Which brings me back to that preference for vanilla ice cream—a true love for some, but for most, I suspect, a way to make an indulgence seem a little less indulgent—and also to all the ice-cream substitutes that Powell deems “counterfeit.” “I find myself wondering,” she writes, “what Francis Bacon [who was fascinated by the concept of freezing things] and company back in the sixteenth and seventeenth centuries would make of our brave new world of frozen desserts and designer ice creams: low cholesterol, low carb, vegetarian, non-dairy kosher, frozen yogurt for the conscientiously healthy, and tofu-based and bean-curd-based for the lactose intolerant. What you see isn’t all you get.”
The wistful longing in her tone isn’t just about ice cream, of course. It’s about our loss of innocence when it comes to food. We’ve become so expert at trading one addiction for another that we can rationalize eating or not eating almost anything in the name of health, weight loss, or progress. Of late, there have been many calls for a return to “real” food, some earnest and heartfelt, others merely trend-driven, but there is a general understanding, with which I happen to agree, that it’s time for us to get back to the basics.

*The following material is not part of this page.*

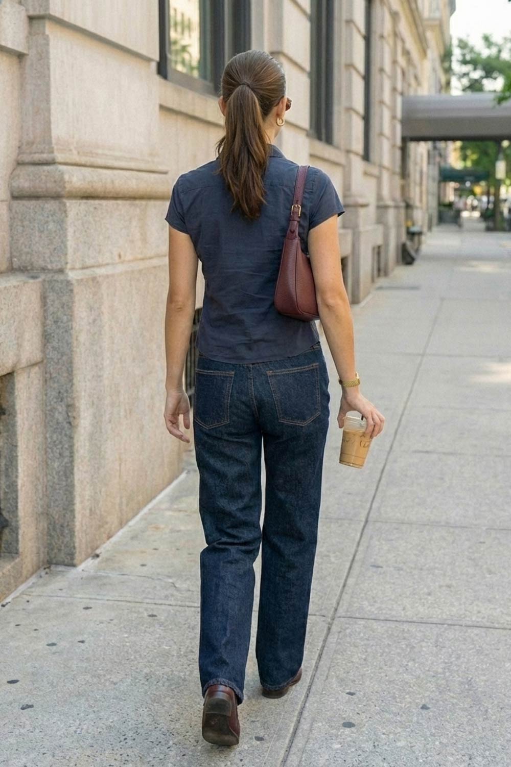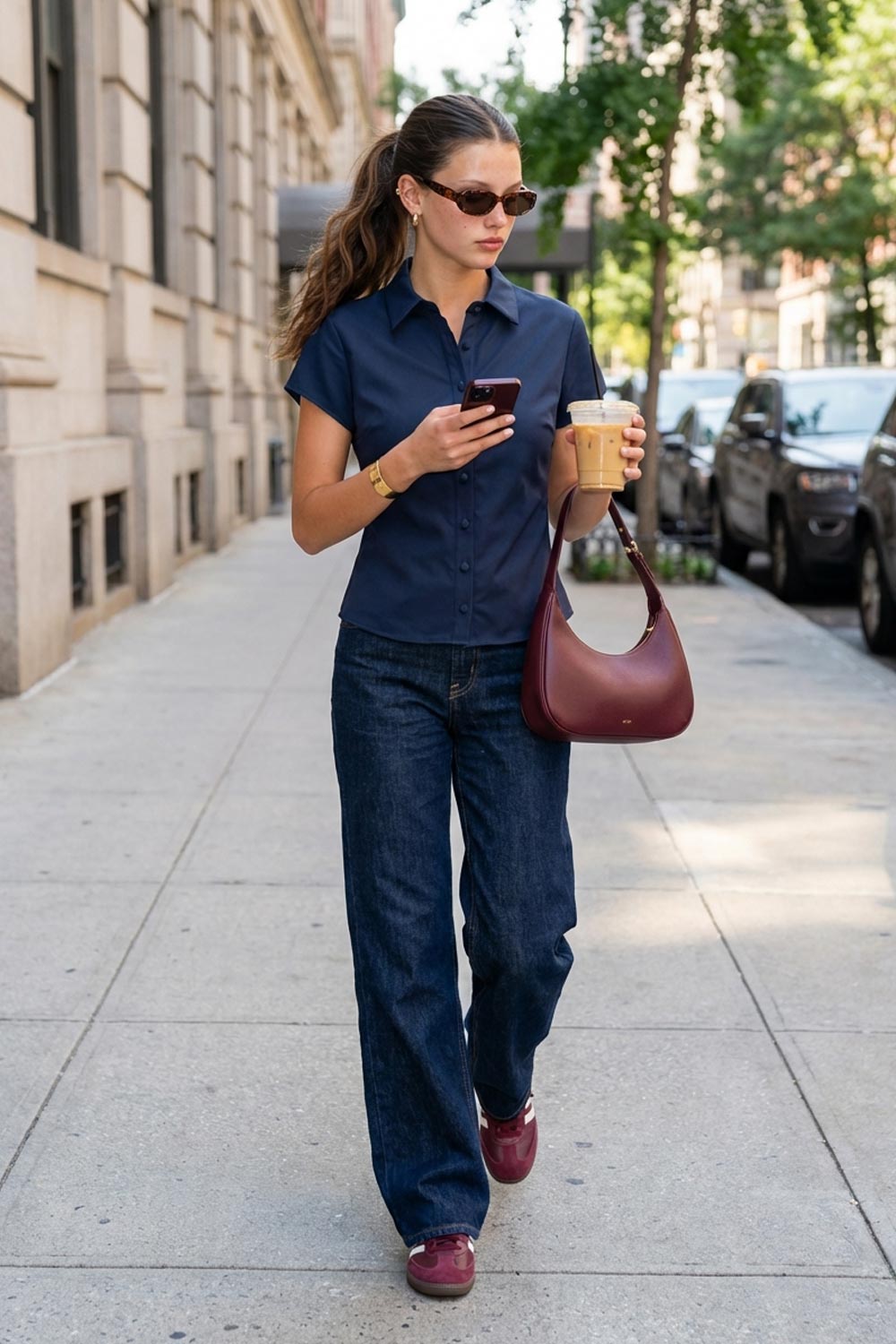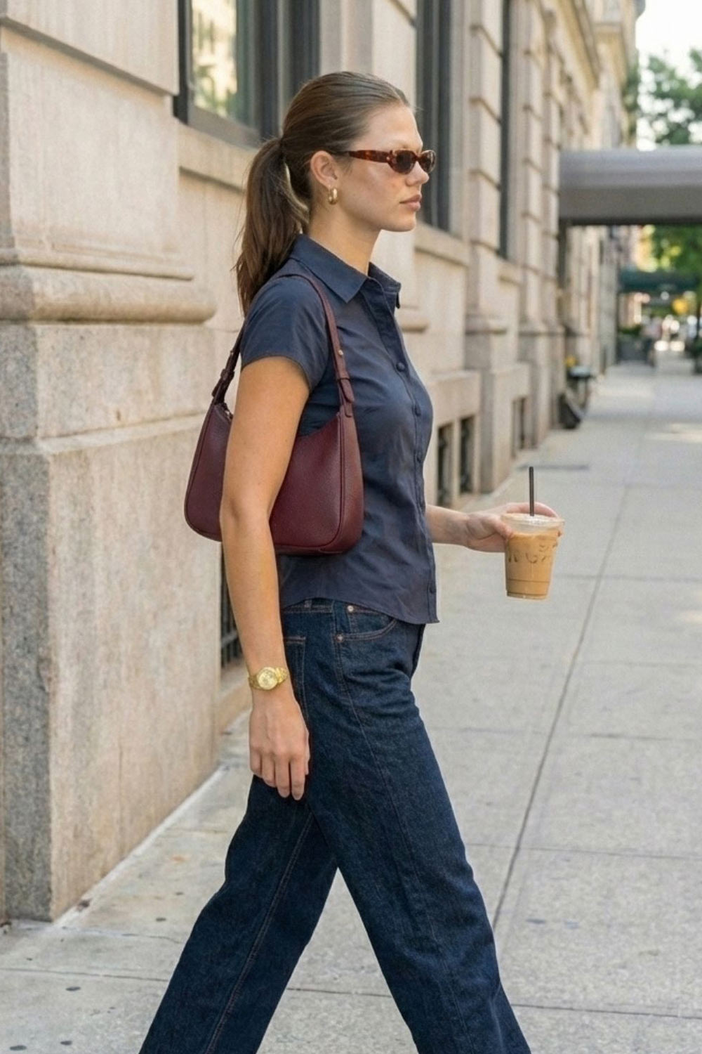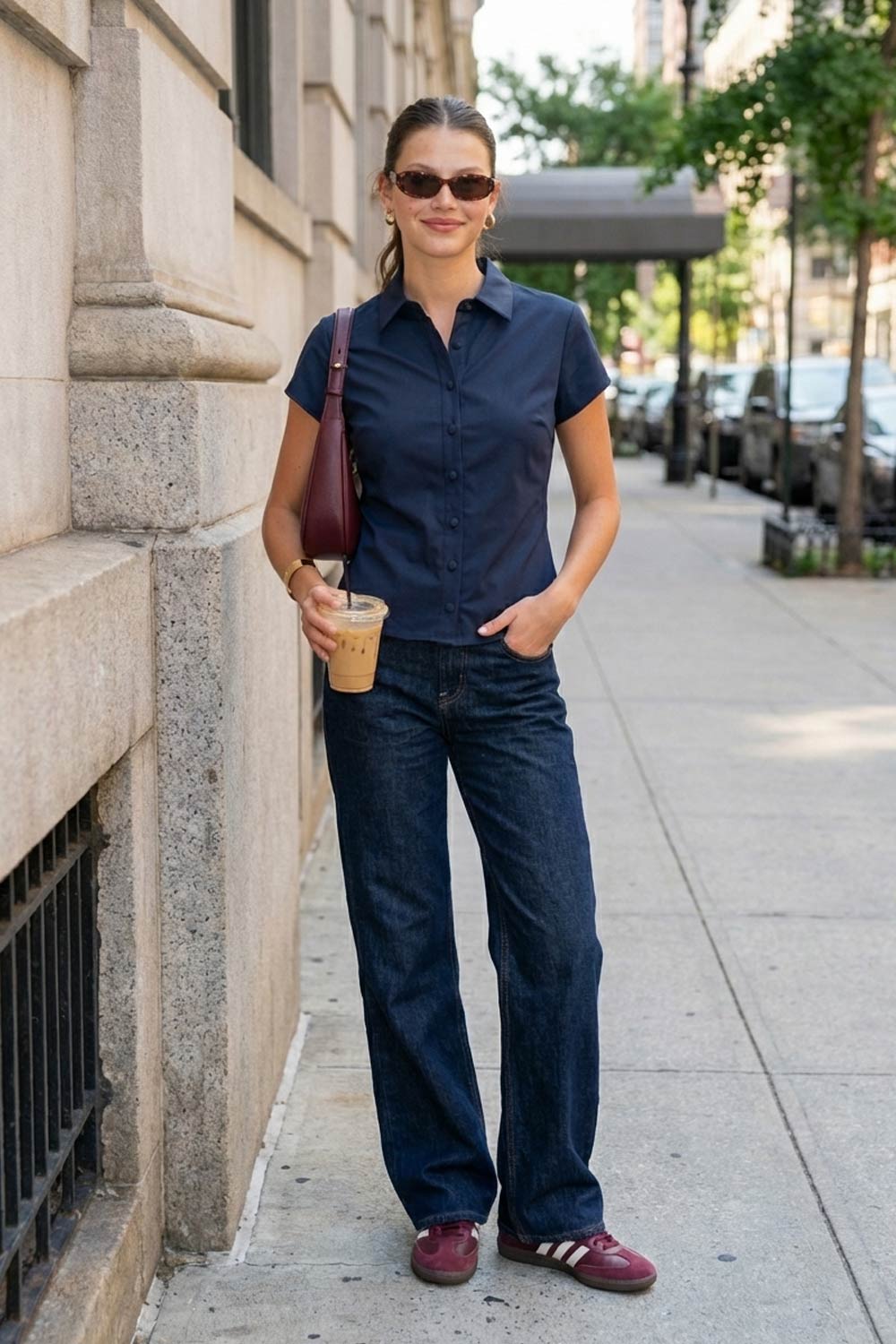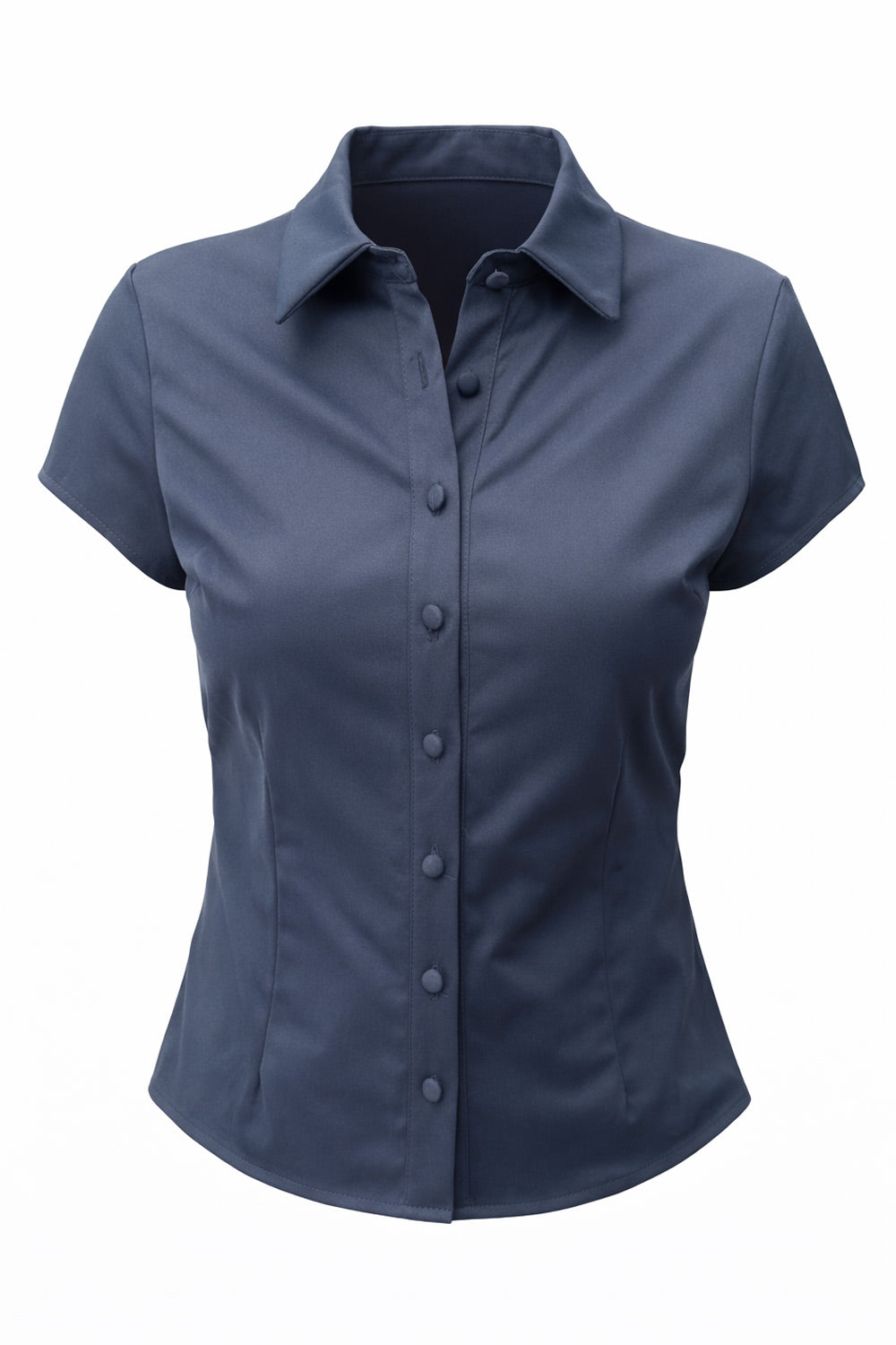 Camisa ajustada de cuello camisero, manga corta y cierre frontal con hilera de botones.

And what better place to start than dessert? Try as I might, I can’t find a way to state the case more forcefully than Goldman does in response to Miller’s question about low-carb cake. “If you need cake, eat the cake,” he says, speaking truth to all-powerful diet fad. “If you can’t have cake, have an apple. . . . There’s cake, and then there’s stuff that’s not cake. It’s something else.”
Melanie Rehak is the author of Eating for Beginners, which is forthcoming next year from Houghton Mifflin Harcourt.